Refus de France Travail à la demande d’indemnisation d’un dirigeant
Analyse d’une jurisprudence
Pour bénéficier des allocations chômage, le dirigeant salarié doit, à ce titre, faire une demande auprès de France Travail (pôle emploi) et, notamment, apporter la preuve d’un lien de subordination. Toutefois, un refus de France Travail à la demande d’indemnisation d’un dirigeant est possible si les éléments apportés sont insuffisants.
En matière d’assurance chômage, les dirigeants d’entreprise ne peuvent pas, en principe, bénéficier des allocations chômage de France Travail (pôle emploi). Ce n’est qu’en cas de cumul du mandat social avec un contrat de travail que le dirigeant peut espérer en bénéficier.
Dans ce cadre, le dirigeant peut, dans un premier temps, déposer une réclamation et se rapprocher d’un médiateur. En dernier recours, il peut assigner France Travail en justice pour qu’un juge se prononce sur le bénéfice des allocations et ordonne à France Travail de les verser. Le juge va alors analyser si le dirigeant cumul effectivement son mandat social avec un contrat de travail.

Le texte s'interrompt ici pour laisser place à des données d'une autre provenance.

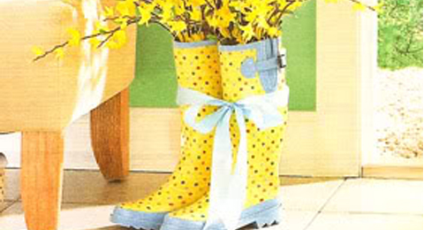 If you’ve got a bright, beautiful pair of rain boots stashed away that you just love, but really don’t wear enough, there is another way you can put them to good use: as Spring décor for your home! Sure this decorating tip is missing the classic eggs and bunnies, but it’s bright, colorful, simple, and could be used all season long. Or at least until you need your boots back. Just fill your boots (literally) with some bright fake flowers, and tie them with a bow.
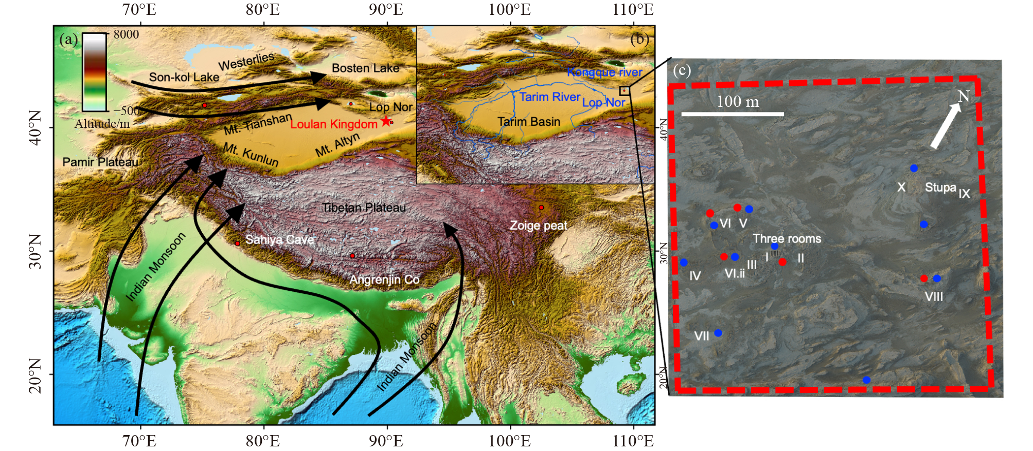 The discovery of Loulan ancient city (LA) in the early 20th century has important significance for understanding the history of Western regions and the Silk Road civilization. The current academic community still has disputes on whether LA was the capital of Loulan Kingdom, the time of its rise, peak and decline, and the process, rate and driving mechanism of human activity change. This study uses the radio carbon dates (14C) database of LA to reconstruct the history of the rise and fall of human activity, and finds that LA experienced more than ~500 years from its rise to its peak and then to its decline: 1) the city rose rapidly, and the population increased rapidly from ~A.D. 0 to 230; 2) the city was prosperous and flourishing, and the intensity of human activity reached its peak from ~A.D. 160 to 340, especially in ~A.D. 230, when the population reached its peak; 3) the city accelerated its decline, and the intensity of human activity decreased significantly, and the population shrank rapidly from ~A.D. 230 to 500; 4) LA was completely abandoned after ~A.D. 560. The results of the 14C dating database do not support that LA was the early capital of the Loulan Kingdom. By comparing the human activity record of LA with the existing high-resolution palaeoclimate records in the surrounding mountainous areas of the Tarim Basin and South Asia, it is found that the superposition of centennial-scale westerly circulation strength events and the ~500-year cycle of the Indian monsoon jointly controlled the precipitation and meltwater (snow) supply of the mountains in the Tarim Basin, affecting the changes of surface runoff and oasis area in the basin, which is one of the important factors causing the rise and fall of LA.
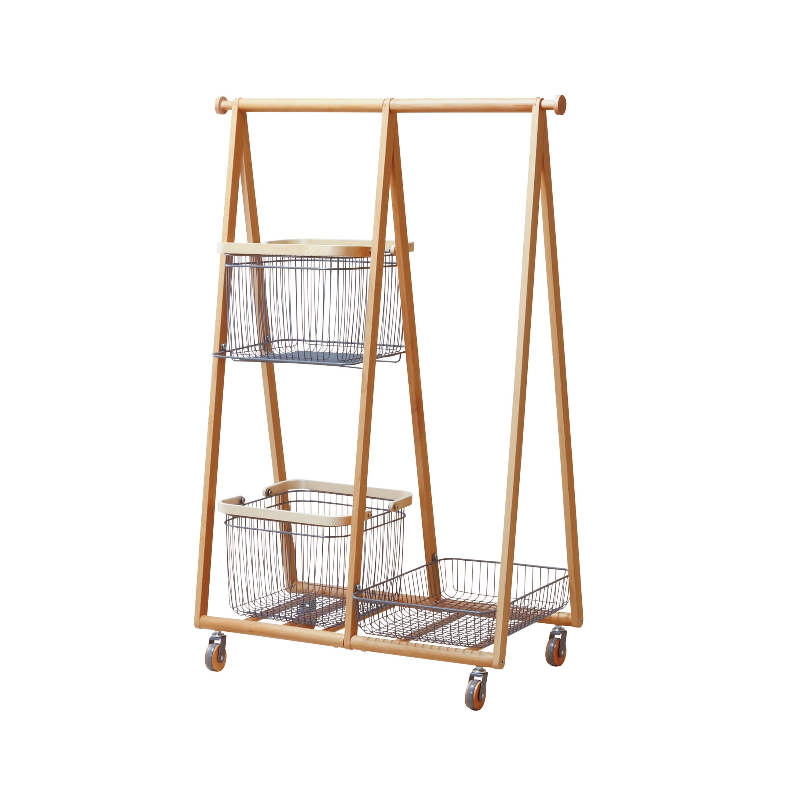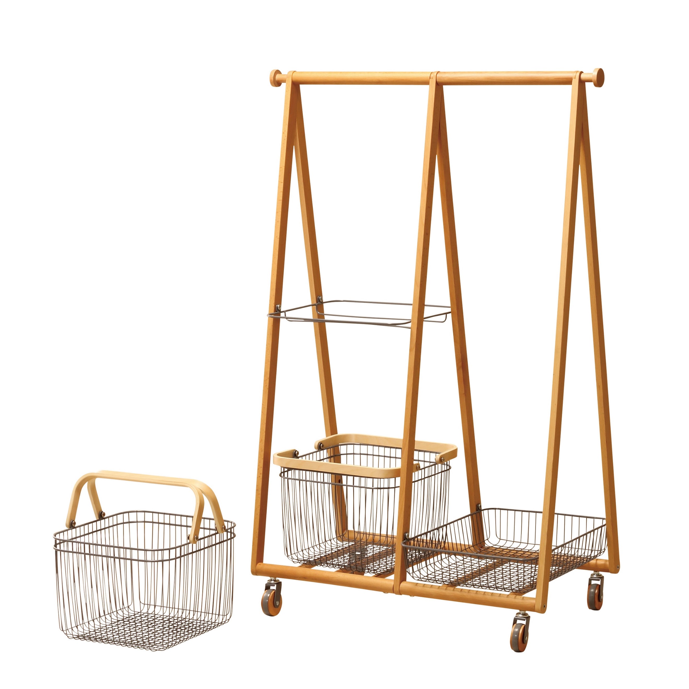 コンパクトなサイズのバスケット付きハンガーラックです。
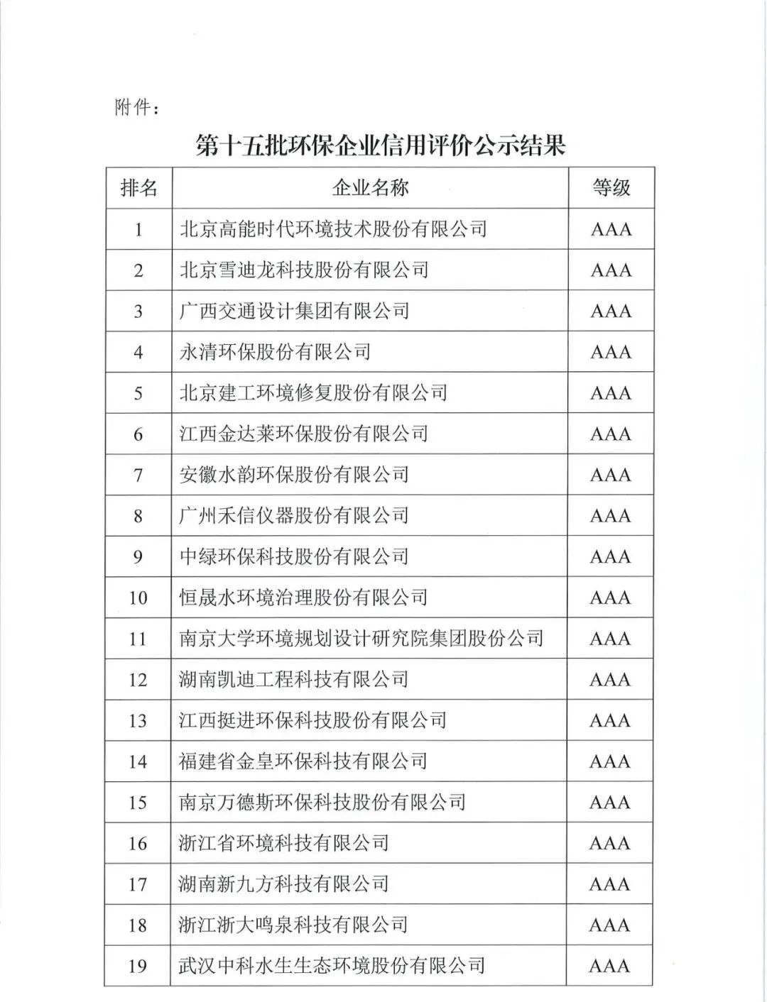 天晟源環保再獲環保企業信用評價AAA級榮譽
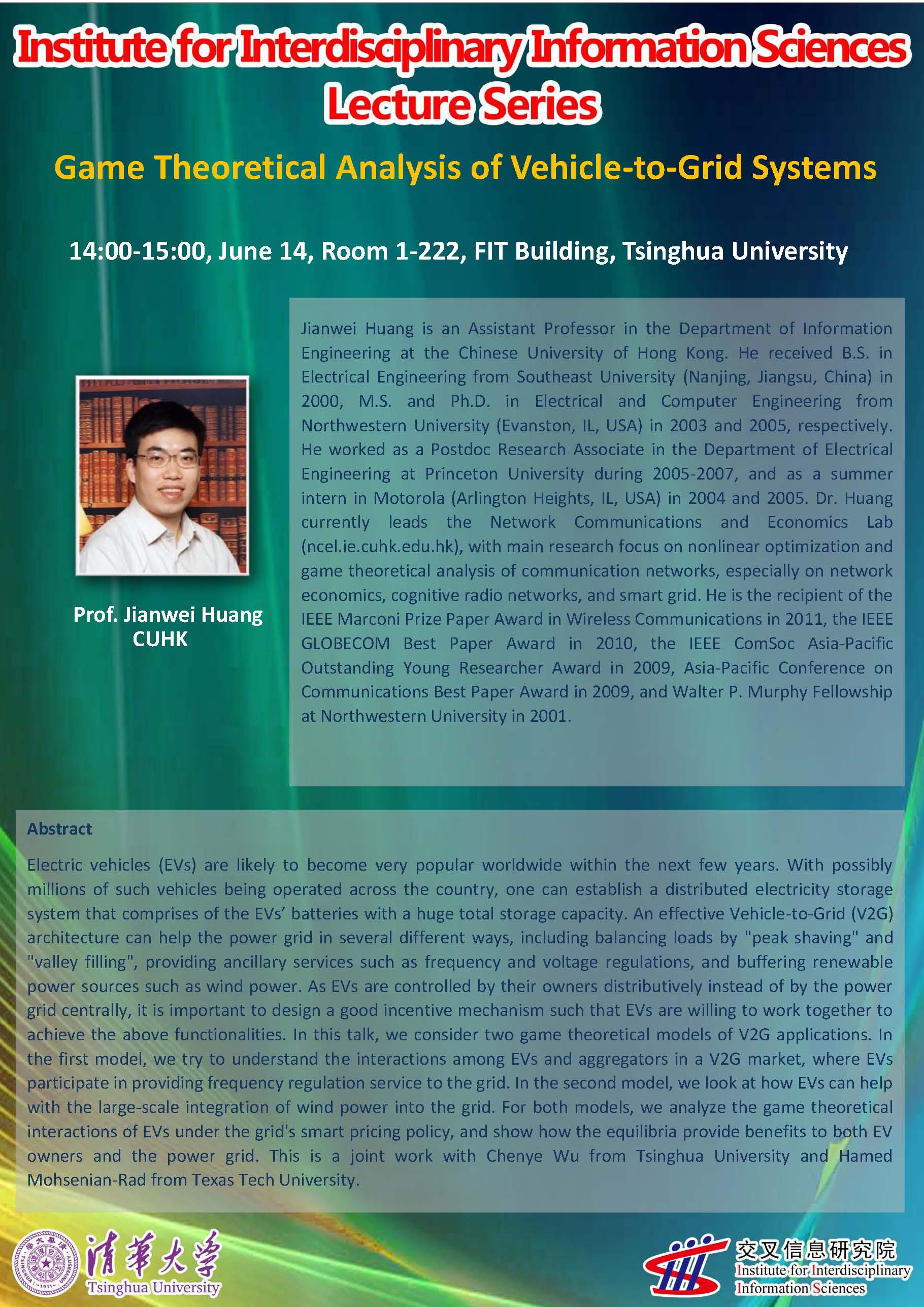 Electric vehicles (EVs) are likely to become very popular worldwide within the next few years. With possibly millions of such vehicles being operated across the country, one can establish a distributed electricity storage system that comprises of the EVs’ batteries with a huge total storage capacity. An effective Vehicle-to-Grid (V2G) architecture can help the power grid in several different ways, including balancing loads by "peak shaving" and "valley filling", providing ancillary services such as frequency and voltage regulations, and buffering renewable power sources such as wind power. As EVs are controlled by their owners distributively instead of by the power grid centrally, it is important to design a good incentive mechanism such that EVs are willing to work together to achieve the above functionalities. In this talk, we consider two game theoretical models of V2G applications. In the first model, we try to understand the interactions among EVs and aggregators in a V2G market, where EVs participate in providing frequency regulation service to the grid. In the second model, we look at how EVs can help with the large-scale integration of wind power into the grid. For both models, we analyze the game theoretical interactions of EVs under the grid's smart pricing policy, and show how the equilibria provide benefits to both EV owners and the power grid. This is a joint work with Chenye Wu from Tsinghua University and Hamed Mohsenian-Rad from Texas Tech University.

Afin d’appréhender les suites et les conséquences d’un refus de France Travail, nous analysons pour vous un arrêt de la Cour d’appel de Versailles qui a été amenée à se prononcer sur cette problématique (CA Versailles, 8 septembre 2017, n° 15/04755).
Les faits et la procédure
En l’espèce, une gérante non-associée d’une société et masseuse a fait l’objet d’un licenciement pour motif économique. Suite à la perte de son emploi, elle a déposé auprès de France Travail une demande afin d’obtenir le bénéfice des allocations de chômage.
Pour refuser la demande de la gérante, France Travail a indiqué qu’elle ne justifiait pas d’un lien de subordination avec l’entreprise qui l’emploie et qu’elle n’exerçait pas de fonctions techniques distinctes de son mandat social.

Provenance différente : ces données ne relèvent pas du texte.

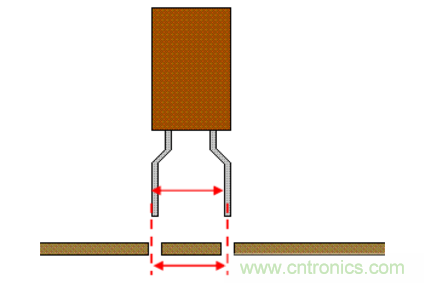 電解電容需要整形時(shí),請(qǐng)使用電容引腳間距和基板焊盤間距一致的電容.如下圖:
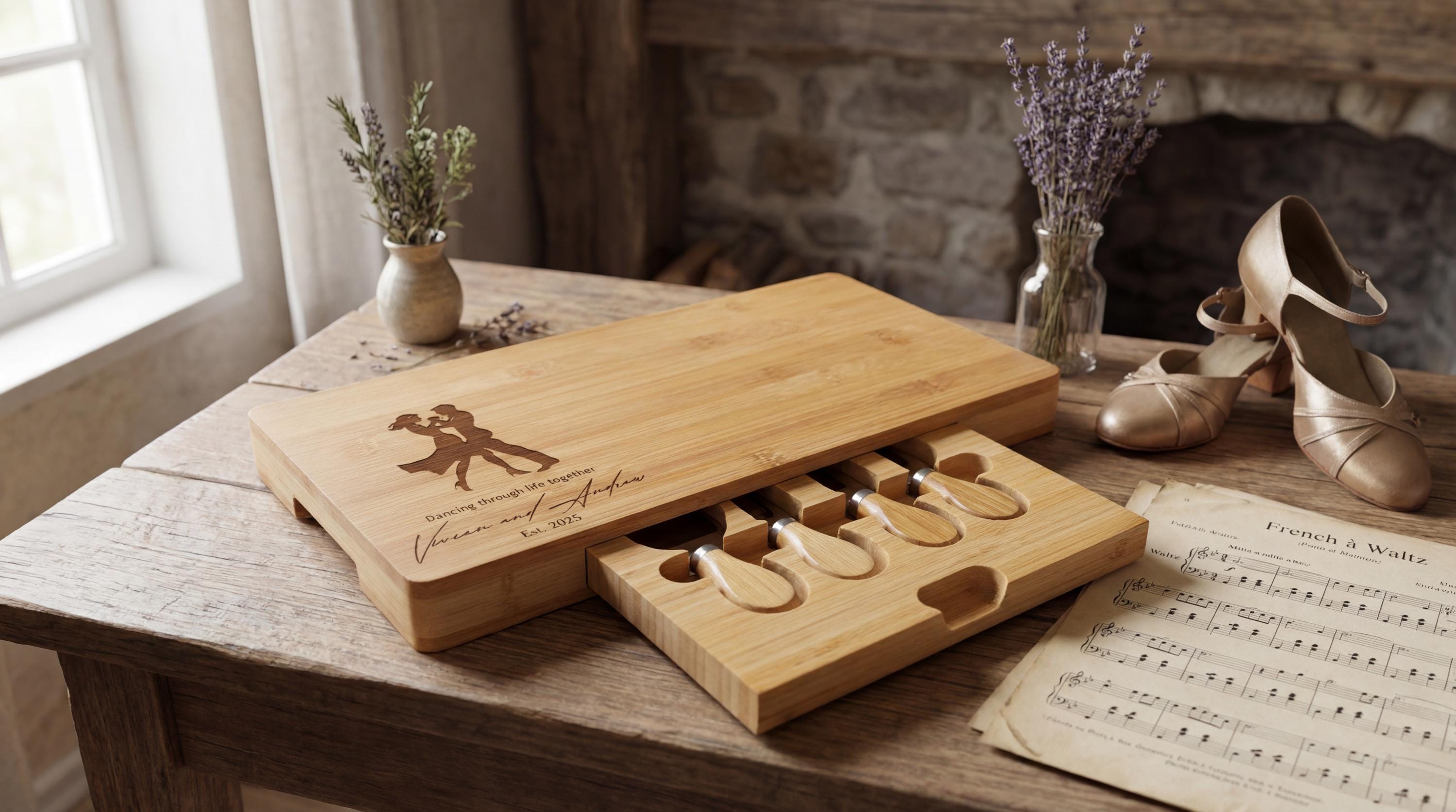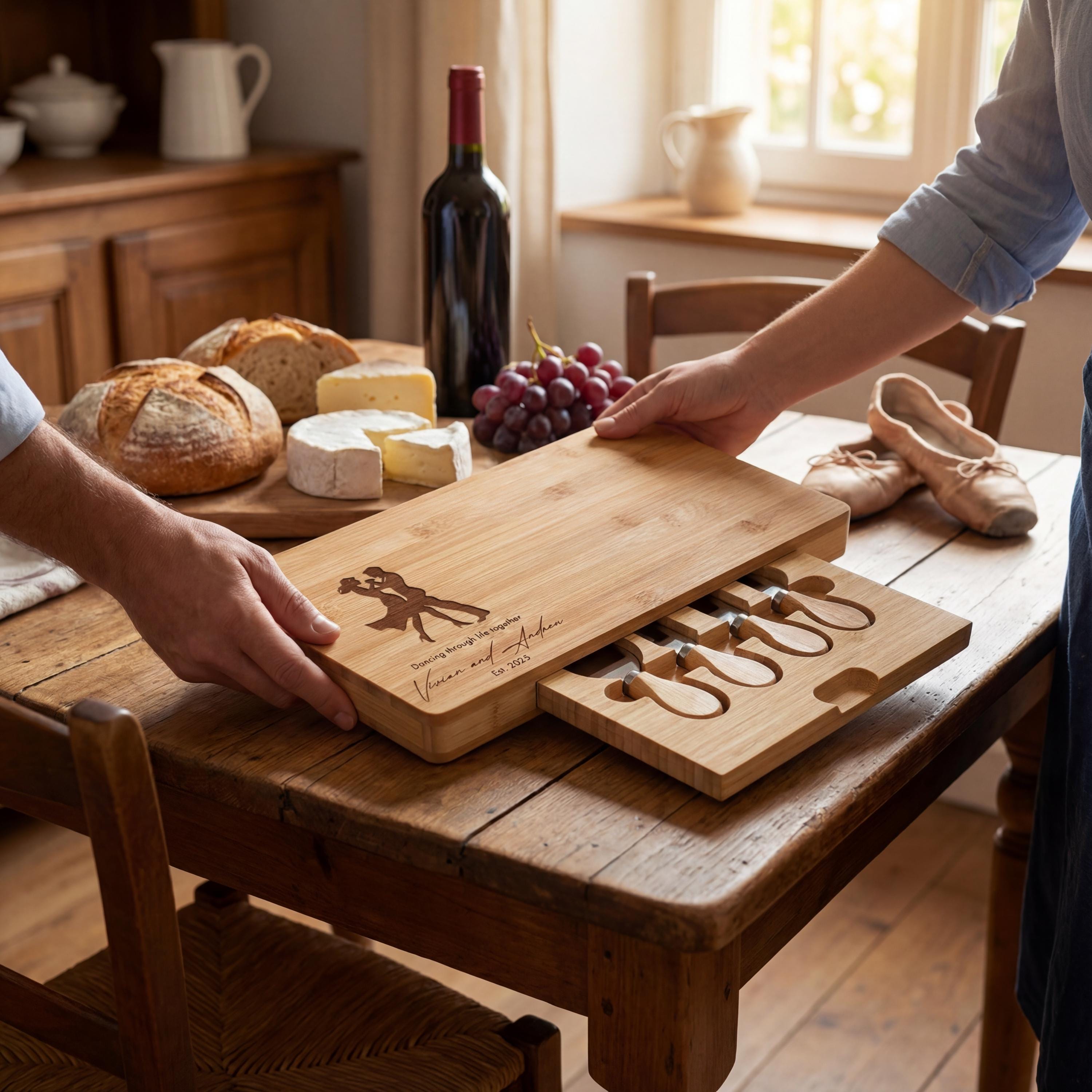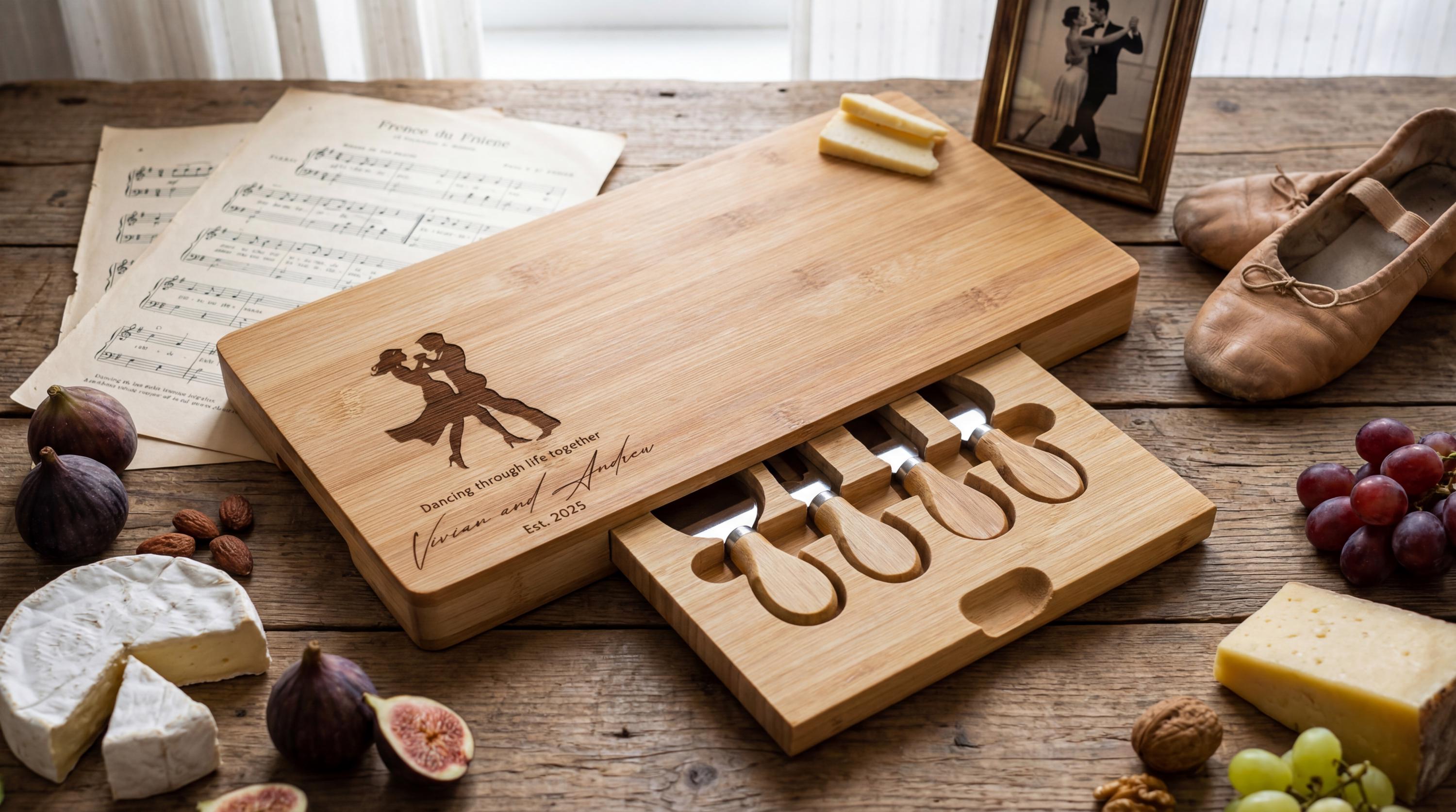 Personalized Dancing Couple Charcuterie Board: Engraved Bamboo Cheese Board

La gérante a saisi le Tribunal afin qu’un juge lui accorde le bénéfice des allocations et ordonne à France Travail de les lui verser. Déboutant la gérante de son recours, l’affaire est amenée devant la Cour d’appel de Versailles.
Devant les juges de la Cour d’appel, la gérante affirma qu’elle exerçait au titre de son mandat social les fonctions suivantes :
- accueil des clients,
- gestion et organisation du salon de massage,
- gestion de la caisse et,
- suivi des recettes.
A contrario, la gérante affirma qu’elle exerçait des fonctions techniques de masseuse au titre de son contrat de travail et qu’elle percevait, en conséquence, une rémunération pour son travail. Enfin, elle conclut en indiquant qu’elle se trouvait dans un lien de subordination vis-à-vis de l’associé unique de la société.
De son côté, France Travail invoquait que la gérante ne démontrait pas objectivement qu’elle remplissait les conditions du cumul du mandat social avec un contrat de travail.
La décision de la Cour d’appel de Versailles
Après analyse des arguments de chaque partie, la Cour d’appel rappela tout d’abord que, par application de l’article L. 5422-13 du Code du travail, l’assurance chômage couvre tous les salariés titulaires d’un contrat de travail. A cet égard, elle rappela que le cumul d’un mandat social avec un contrat de travail n’est possible que si les fonctions salariées correspondent à un emploi effectif exercé dans le cadre d’un lien de subordination à l’égard de la société et ce en contrepartie d’une rémunération distincte de celle qui peut être allouée au titre du mandat social.
Dans un second temps, la Cour d’appel a retenu que la gérante ne rapportait ni la preuve d’un lien de subordination avec l’associé unique de la société ni qu’elle percevait une rémunération distincte de son contrat de travail.
En conséquence, la Cour d’appel de Versailles a jugé que le contrat de travail de la gérante était fictif et qu’elle ne pouvait donc pas prétendre au bénéfice des allocations de France Travail.
En conclusion…
Un mandataire social qui cumul un mandat social avec un contrat de travail n’est jamais à l’abri d’un refus de France Travail à la demande d’indemnisation d’un dirigeant.
Cette situation emporte de graves conséquences pour le dirigeant qui perd son emploi. En effet, ce dernier n’est tout simplement pas couvert contre le risque de perte d’emploi. Il ne peut donc pas bénéficier d’indemnités de chômage lui permettant de conserver son niveau de vie et lui permettre de mieux rebondir.
Les mandataires sociaux qui possèdent un contrat de travail doivent en conséquence être très vigilant. S’ils se trouvent dans une situation de cumul relativement « obscure », ces derniers doivent prendre du recul et se faire conseiller afin d’être certain de pouvoir bénéficier de l’assurance chômage de France Travail.
Ainsi, en cas de réponse négative, ils pourront se couvrir du risque de perte d’emploi en souscrivant une assurance chômage privée pour dirigeants.